Ten thousand years our land inviolate!

[_The rest of the play is a kind of “ballet”_; the words are merely a commentary on the dances.]

FOOTNOTES:

[188] The fact that Haku is a foreigner is conventionally emphasized by his pronunciation of this word. The fishermen, when using the same word later on, called it “Nihon.”

[189] The Chinese call him Fan Li. He lived in China in the fifth century B.C. Having rendered important services to the country of Yüeh (Etsu), he went off with his mistress in a skiff, knowing that if he remained in public life his popularity was bound to decline. The Fishermen are vaguely groping towards the idea of “a Chinaman” and a “boat.” They are not yet consciously aware of the arrival of Rakuten.

[190] Haku throughout omits the honorific turns of speech which civility demands. The Fishermen speak in elaborately deferential and honorific language. The writer wishes to portray Haku as an ill-bred foreigner.

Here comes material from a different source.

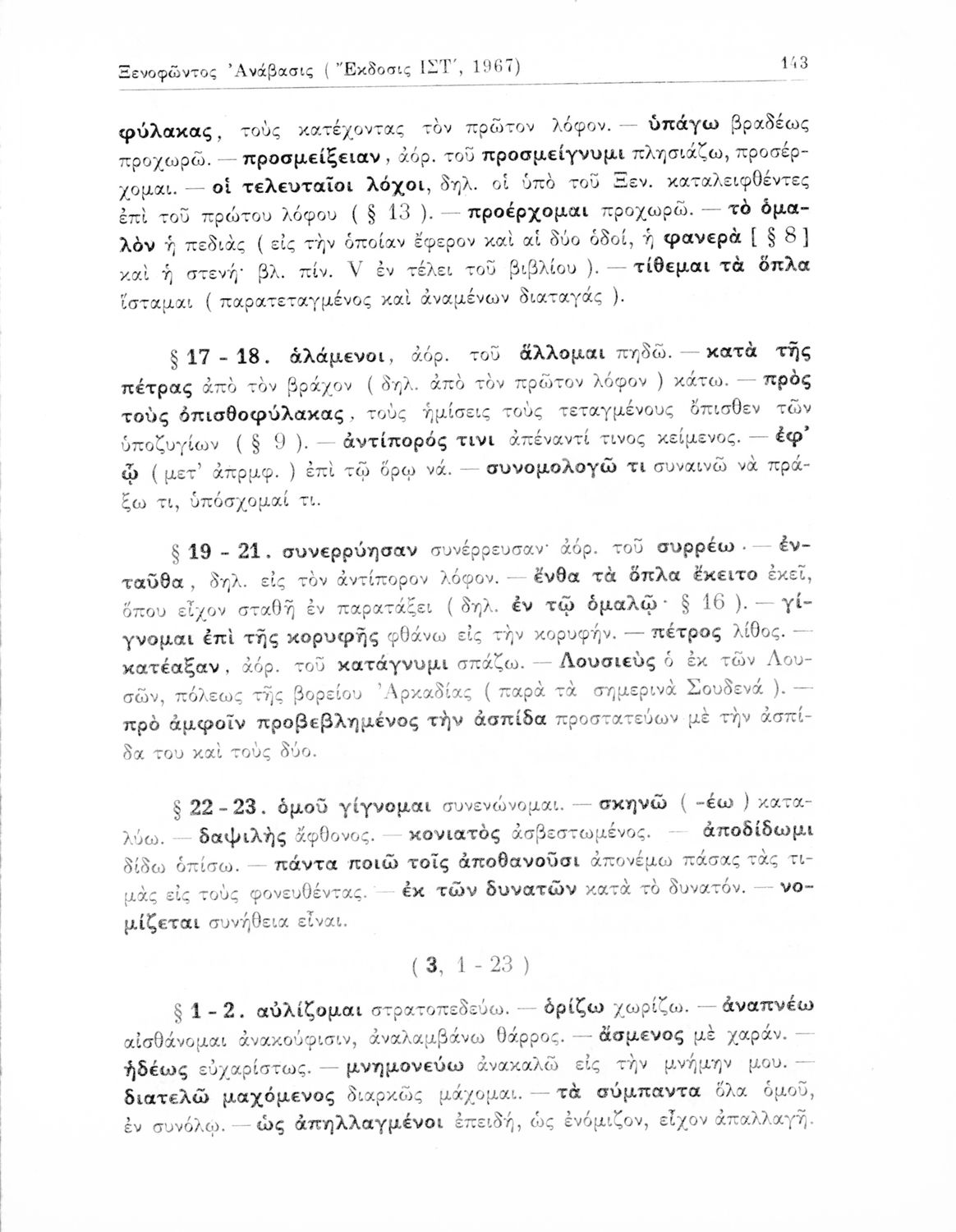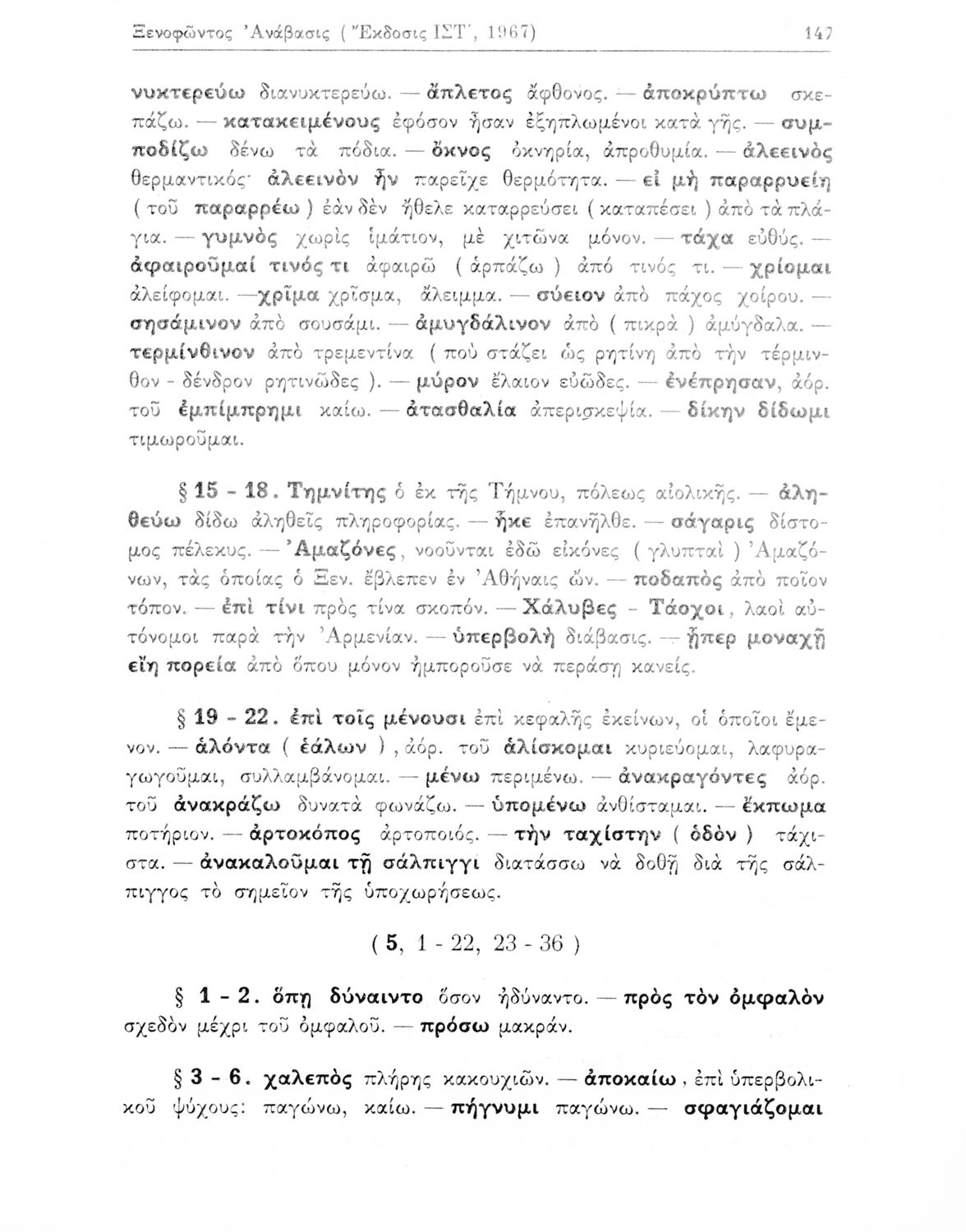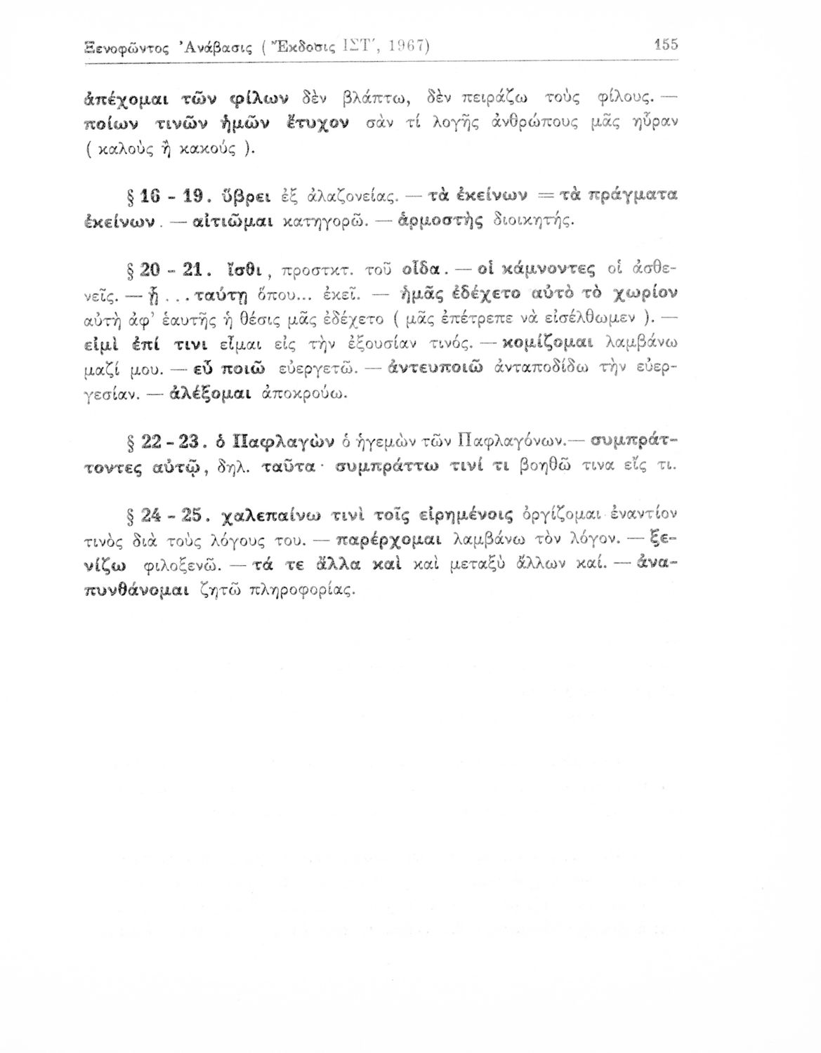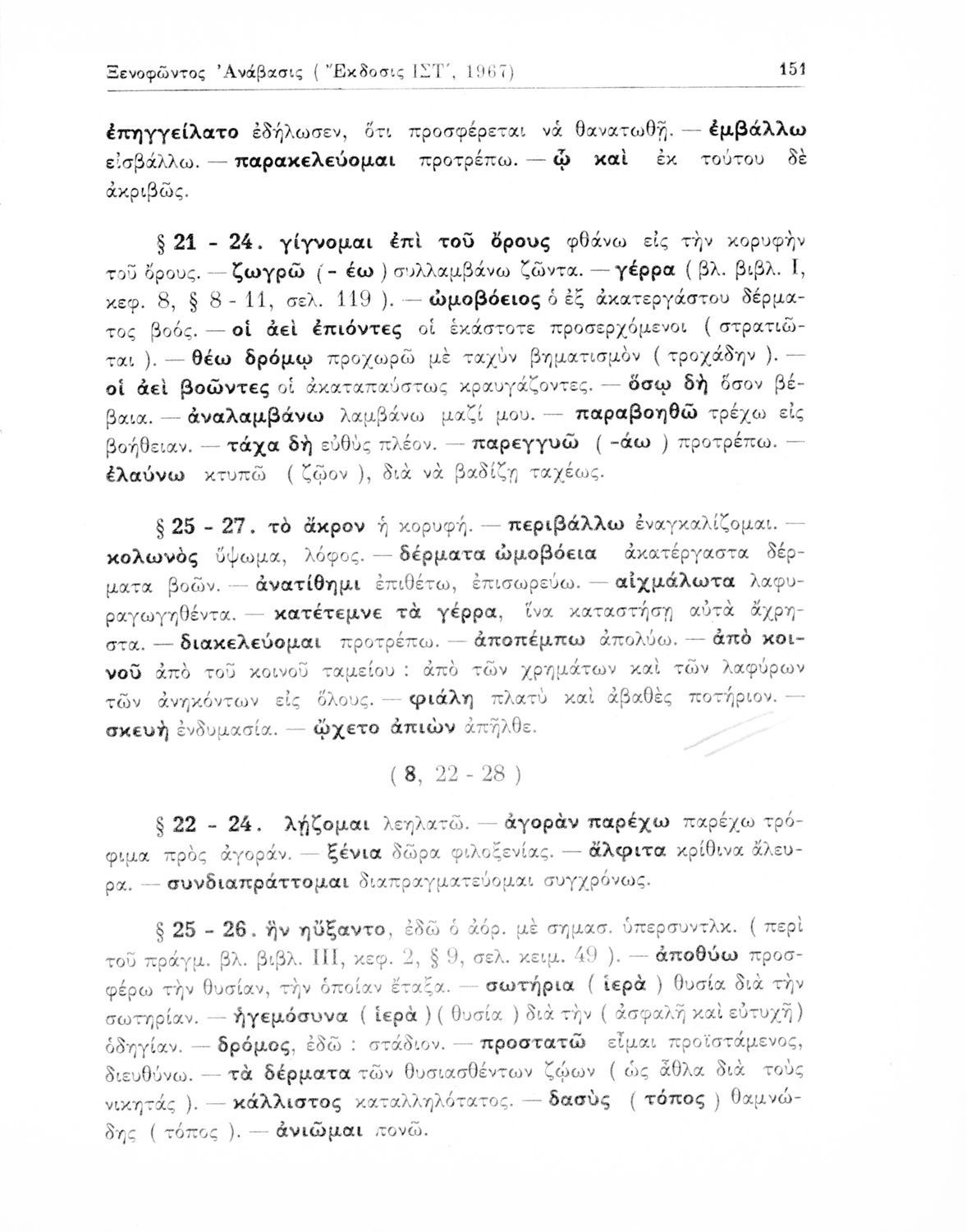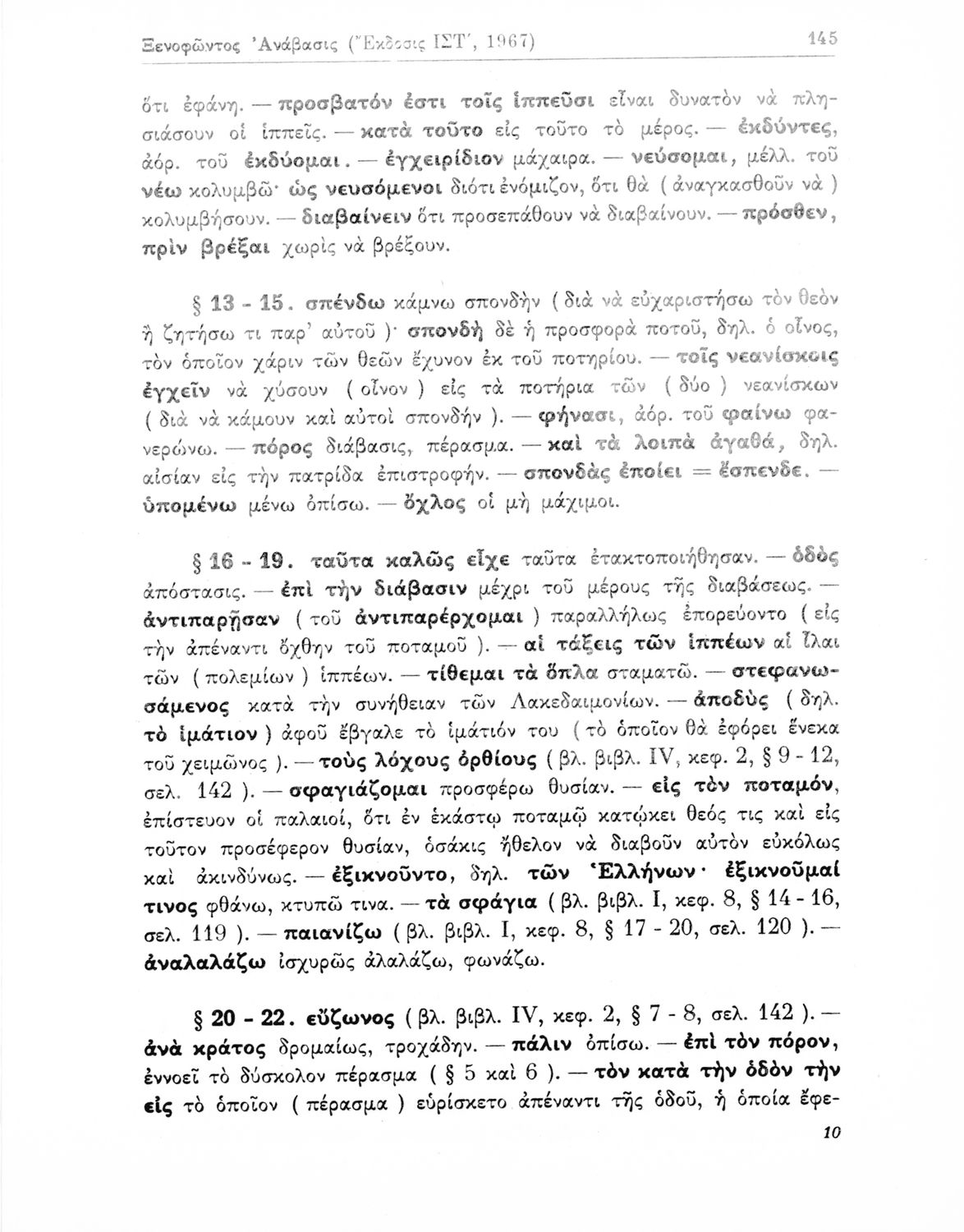 Σχολικό εγχειρίδιο Αρχαίων Ελληνικών για τη Γ' Γυμνασίου που περιέχει αποσπάσματα από την Ανάβαση του Ξενοφώντα και ερμηνευτικά και ετυμολογικά σχόλια.

[191] “Uta,” i. e. the thirty-one syllable Japanese stanza.

[192] Quotation from the Preface to the _Kokinshū_ (“Collection of Songs Ancient and Modern”). The fact that Haku continues the quotation shows that he is under a sort of spell and makes it clear for the first time that his interlocutor is not an ordinary mortal. From this point onwards, in fact, the Fisherman gradually becomes a God.

[193] The priest’s acolyte had died. The nightingale was the boy’s soul.